The fix for this exists in bootstrap.go:745 (commit 0eabd38e6b) — `pfctl -a tuist.runners -F all` before reload — but the operator image in production is pinned to `af8204b1` (May 12), pre-fix.

Half 1 — `refactor(capi-scaleway)`: trigger the operator-image release

#10798 squashed as `fix(infra):`. The capi-scaleway cliff filtered on `^fix(capi-scaleway)`, didn’t match, and the operator-image release-on-bump never fired.

Switch to type-only parsers — path filtering via `–include-path “infra/cluster-api-provider-scaleway-applesilicon//*”` plus `–include-path “infra/macos-host-bootstrap//*”` (both already wired up in release.yml) covers every change. Mirrors the runners-controller / runner-image / xcresult-processor cliffs from #10824.

This commit itself touches the capi-scaleway include-path with a `refactor:` prefix, so the next release.yml run releases a new operator image baking in the existing pf fix — unsticking the looping nodes.

Half 2 — `feat(server)`: `OrphanedRunnersWorker`

Even with the infra fix deployed, the architecture had a gap: there’s no recovery path for “PG/CH says `running`, the JIT was minted, but the runner never registered with GitHub”. The existing `StaleClaimsWorker` only handles `lifecycle_state=‘claimed’` rows — running rows are explicitly excluded because real running builds hold the slot for hours and reaping at the 5-min threshold would kill live work.

The signal that distinguishes a real running build from an orphaned mint is the GitHub-side status of the workflow_job. If GitHub still reports the job as `queued` after we’ve transitioned through `claimed → running` locally, the runner never came up.

New worker:

  1. Lists `runner_jobs FINAL` rows in `status=‘running’` with `started_at` older than 5 min.
  2. For each, `GET /repos/{owner}/{repo}/actions/jobs/{id}` on the org’s GitHub App installation.
  3. If GH returns `queued` → re-queue in CH (`record_queued`) + release the PG claim.
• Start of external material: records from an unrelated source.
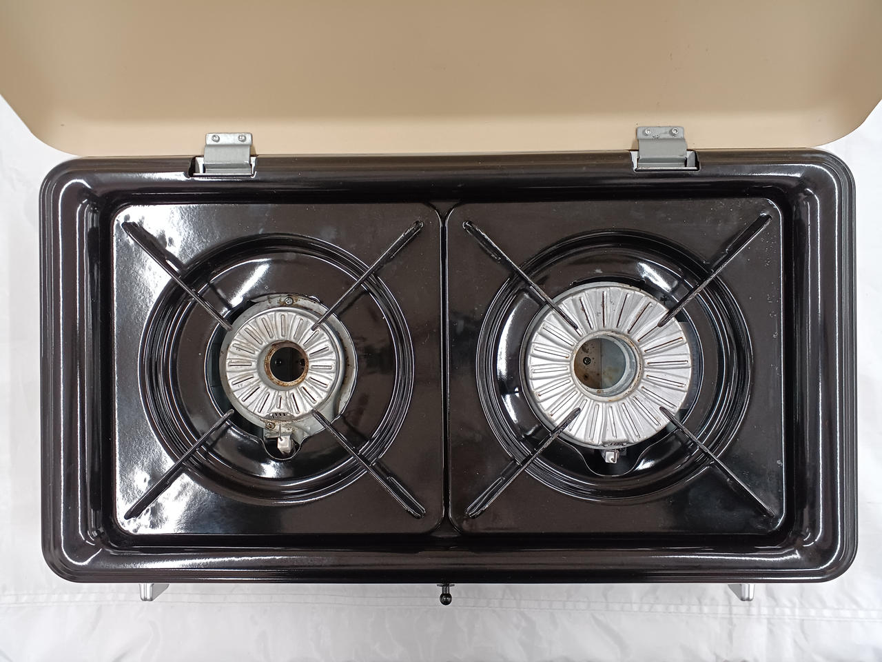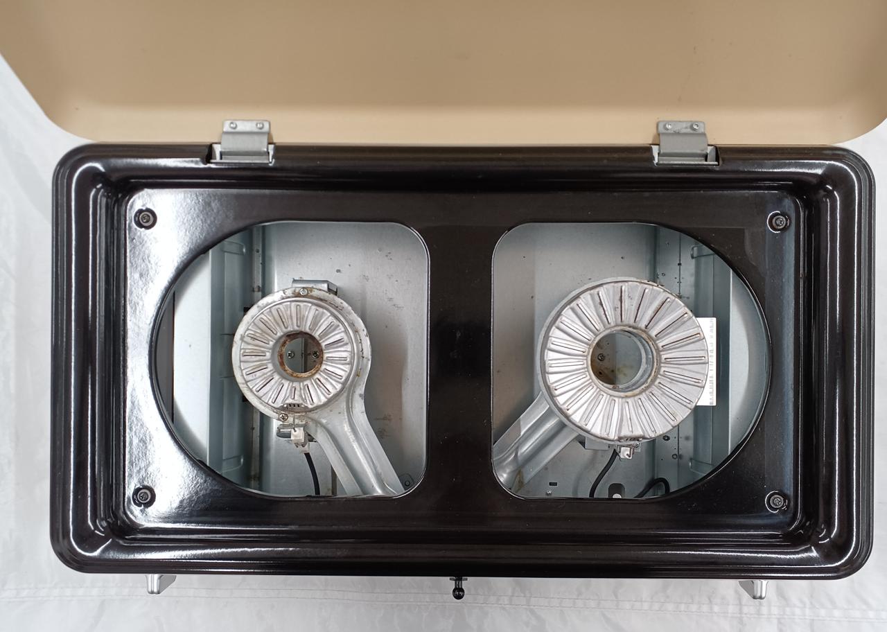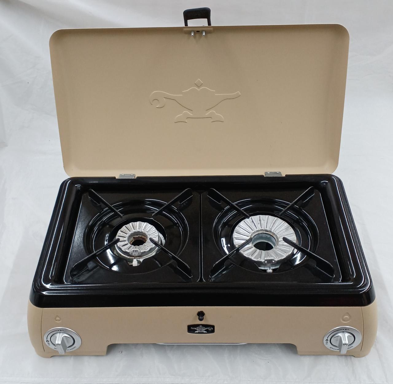 食卓、ベランダ、キャンプ場さまざまな場所で使える バーナー右でグリル料理、バーナー左でスープの保温など高火力からとろ火まで料理に合わせた火力調整が可能です。 |
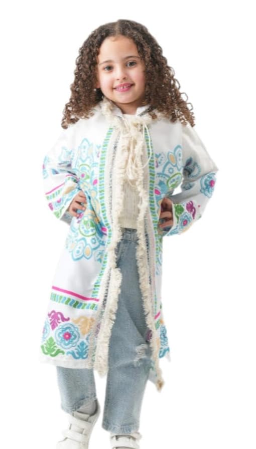 Generic - كارديجان مطرز للبنات، ابيض مع نمط زهور ملونة، كم طويل مع ربطة امامية، مقاس 4-6
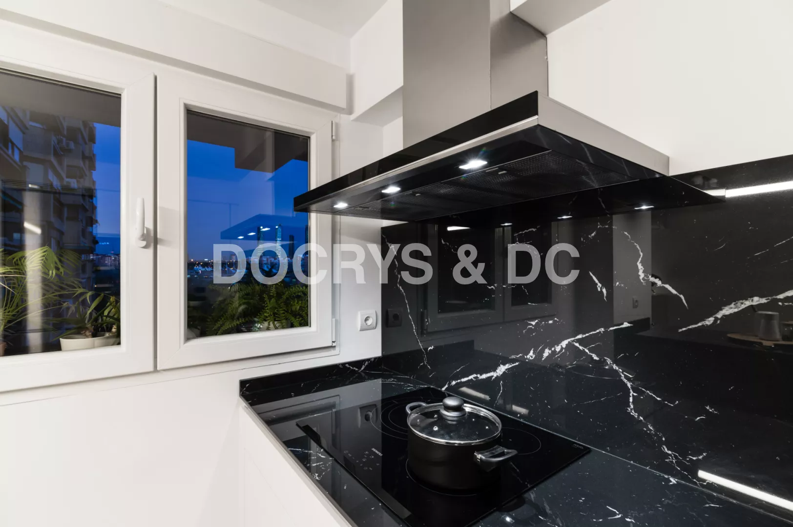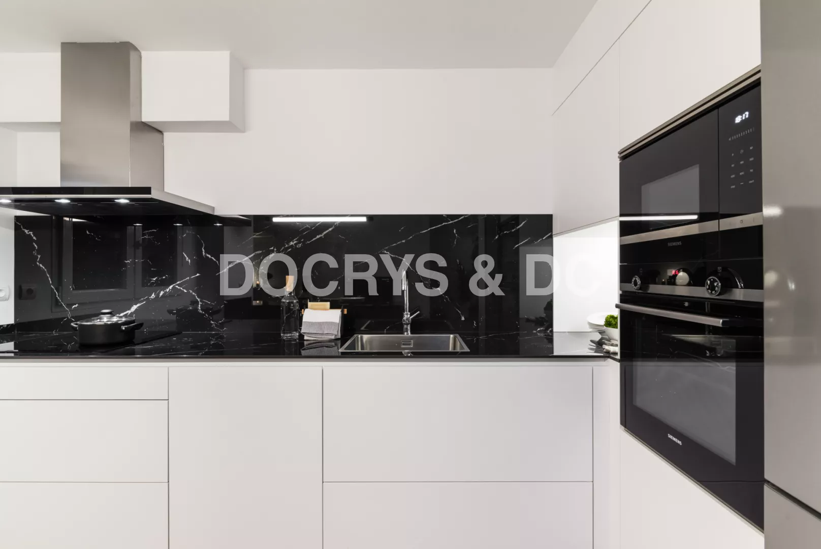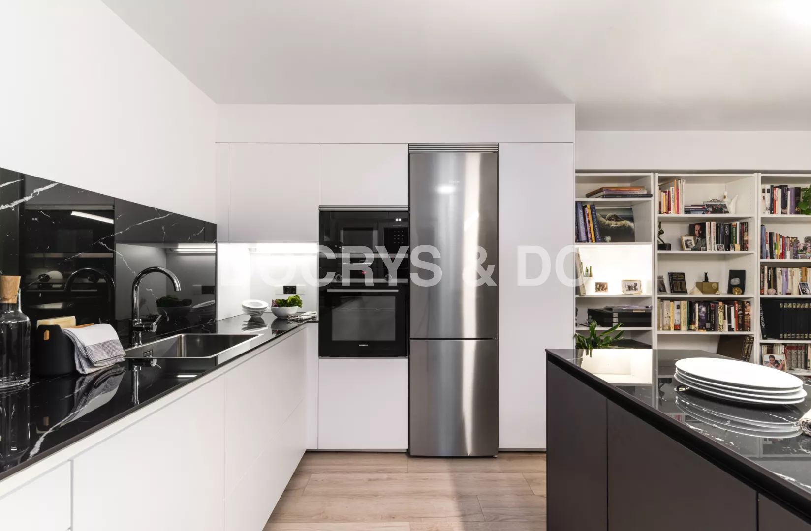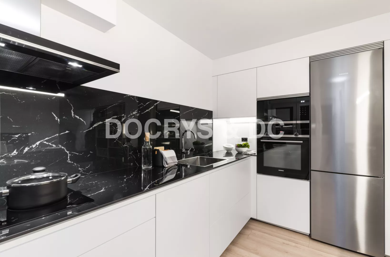 Cocina Santos en material estratificado con encimera de Neolith en color Nero marquina en acabado pulido.

Another Pod picks it up.
  4. If `in_progress` → real running build, leave alone.
  5. If `completed` → out of scope; webhook redelivery handles it.
  6. Transient lookup failure → log + retry next tick.

Recovery order mirrors `StaleClaimsWorker` (CH-first; crash between CH and PG leaves the row safely re-queueable on the next tick).

GitHub API cost: one call per orphaned candidate per minute. Steady-state candidates are zero; even at 5 concurrent real running builds that’s 300 calls/hr/installation, well under the 5,000/hr app-token limit.

Tests

`mix test test/tuist/runners/workers/orphaned_runners_worker_test.exs` covers:

  • GH `queued` → re-queue + release (the shard 0 case)
  • GH `in_progress` → no-op (real running build)
  • GH `completed` → no-op (webhook redelivery handles)
  • Transient HTTP 502 → no-op + retry next tick
  • Empty candidate list → no GH calls made

5 passing, 0 failing.

How to test

  • On merge, release.yml fires `release-capi-scaleway` and bumps the operator-image tag in the chart.
  • Next server deploy applies the new operator image; existing bootstrap loop on `mndbc` fleet hosts recovers within one retry cycle (pfctl -F flushes the persist tables, reload succeeds).
  • `mix test test/tuist/runners/workers/orphaned_runners_worker_test.exs` clean.
  • Once deployed: the next time the failure mode hits, the new worker should re-queue the affected workflow_job within a minute instead of stranding it for hours.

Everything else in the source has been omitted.